Blick über den Garten auf die Gebäude
Blick über den Garten auf die Gebäude
Gießen | Vor 30 Jahren, genauer am 28. November 1989, weihte ein kleiner Kreis von Naturschutz-Aktiven einen Raum im Naturschutzzentrum „Alter Bahnhof Trais-Horloff“ (Hungen) als offen zugänglichen Raum voller Arbeitsinfrastruktur ein. Das war der Startschuss für die dort später in mehreren Räumen bis 1993 betriebene Projektwerkstatt, die im April in ein größeres Gebäude nach Reiskirchen-Saasen umzog. Schnell wurde sie auch zum Vorbild für später entstehende 50 Projektwerkstätten bundesweit, von denen heute allerdings nur noch wenige bestehen. Die älteste von ihnen aber besteht als „Villa Kunterbunt des kreativen Widerstandes“, wie sie von ihren Nutzer*innen oft beschrieben wird, bis heute und wirkt mit kreativen Aktionsideen sowohl bei regionalen Themen wie der Verkehrswende in und um Gießen als auch bei überregionalen Aktionen zur Gentechnik, am Hambacherforst oder bei der aktuellen Waldbesetzung im Dannenröder Forst mit. „Wir sind keine feste Gruppe, sondern eine offene Aktionsplattform, die alle nutzen und weiterentwickeln können“, beschreibt Jörg Bergstedt, einzig verbliebener Aktiver aus der Anfangszeit, die Rolle der Projektwerkstatt als Ort der Selbstermächtigung. „Wir bieten Menschen, die eigene Ideen haben, Wissen, Räume und Material, diese auch zu verwirklichen“.

Mehr über...
Von November 2019 bis Januar 2020 wollen Aktive in der Projektwerkstatt mit einem bunten Programm an Trainings, Film- und Informationsabenden neue Akzente setzen. Das Jubiläum soll dabei nur ein Anlass, aber nicht die Hauptsache sein. „Es gibt keinen Grund zum Feiern: Auch wenn wir die eine oder andere Auseinandersetzung gewinnen oder politische Verschiebungen erreichen konnten, sind Ausbeutung, Zerstörung und Unterdrückung weiterhin, oft sogar verschärft prägende Merkmale dieser Gesellschaft. Die eigentlichen Revolten gegen das ständige Macht- und Profitdenken muss erst noch kommen“, lautet ein Resümee der vergangenen drei Jahrzehnte.
Dennoch soll das Jubiläumsprogramm zeigen, dass in und hinter dem Haus in der Ludwigstraße 11 im Reiskirchener Ortsteil Saasen viel steckt.
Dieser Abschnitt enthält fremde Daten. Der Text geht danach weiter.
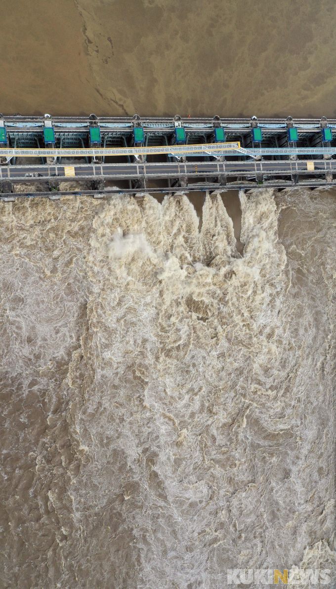 주변이 차량으로 혼잡하자 경찰차량은 연신 경광등을 켜고 사이렌을 울리며 불법주차 차량을 이동시키기에 분주하다. 겨우 타 방송사 차량 사이를 곡예 운전하듯 비집고 들어가 억지로 차를 세웠다. 취재 장비를 챙겨서 댐 가까이 접근하자 굉음과 함께 누런 흙탕물이 포말을 일으키며 쏟아져 나오는 모습이 보는 이를 압도한다.

Drei Höhepunkte werden dabei die kommenden Monate prägen.

Zum einen startet am im November die diesjährige Globale – die Projektwerkstatt ist bei dem Filmfestival vom 8.-10.11. wieder als Spielort dabei. Gezeigt werden "Zeit für Utopien" (Fr, 8.11., 20.30 Uhr), "Waiting for the Carnival" mit schockierenden Einblicken in die Jeansproduktion (Sa, 9.11., 18 Uhr) und "Oro Blanco" zum Lithiumabbau unter anderem für Elektro-Autos (So, 10.11., 18 Uhr).
Blick in die Bibliothek der Projektwerkstatt
Blick in die Bibliothek der Projektwerkstatt
Wie üblich, werden aber nicht einfach nur Filme zeigen. Krisen und Aufbäumen sollen keine Unterhaltung, sondern Hintergrund und Aufforderung zum Handeln sein. Rund um die Filme gibt es daher Zeit und Raum für Diskussionen, Schmökern in den Bibliotheken und den Aktionsausstellungen.
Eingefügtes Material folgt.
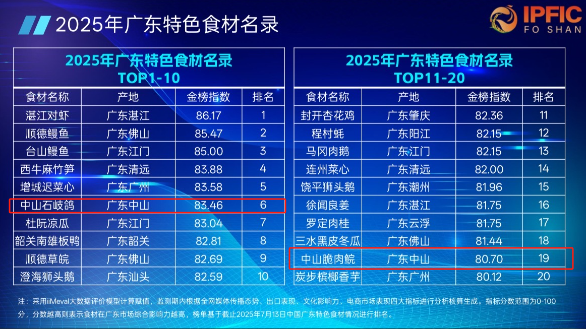 7月18日,第三届中国国际(佛山)预制菜产业大会在顺德正式启动,中山现场发布《中国预制菜企业百强榜暨广东特色食材名录》,石岐上榜食材其中,鸽脆广东中山石岐鸽、肉鲩中山脆肉鲩分别以第6名、特色第19名入选2025年广东特色食材名录TOP20榜单。名录

Zum anderen werden drei spezielle Abende zum Jubiläum den Titel „Rückblicke“ tragen. Es sind unterhaltsame Rückschauen auf vergangene Aktionen, die Mut machen können für zukünftige Auseinandersetzungen. Die Reihe beginnt am Dienstag, 12.11. um 19 Uhr mit einer Ton-Bilder-Schau „Wie die Gentechnik verjagt wurde“. In Erzählungen, Bildern und kleinen Filmen soll an den Kampf um Versuchsfelder in Gießen und überall erinnert werden – und was daraus für andere Kampagnen gelernt werden kann. Am Samstag, 16.11. folgt dann um 19 Uhr die schon legendäre Schau „Fiese Tricks von Polizei und Justiz“. Mit vielen Originalbelegen aus Polizei- und Gerichtsakten wird nachgezeichnet, wie der heutige Ministerpräsident Volker Bouffier zusammen mit Polizei und Justiz vor über zehn Jahren die Kreativaktivist*innen rund um die Projektwerkstatt mundtot machen wollen – und dabei scheiterte.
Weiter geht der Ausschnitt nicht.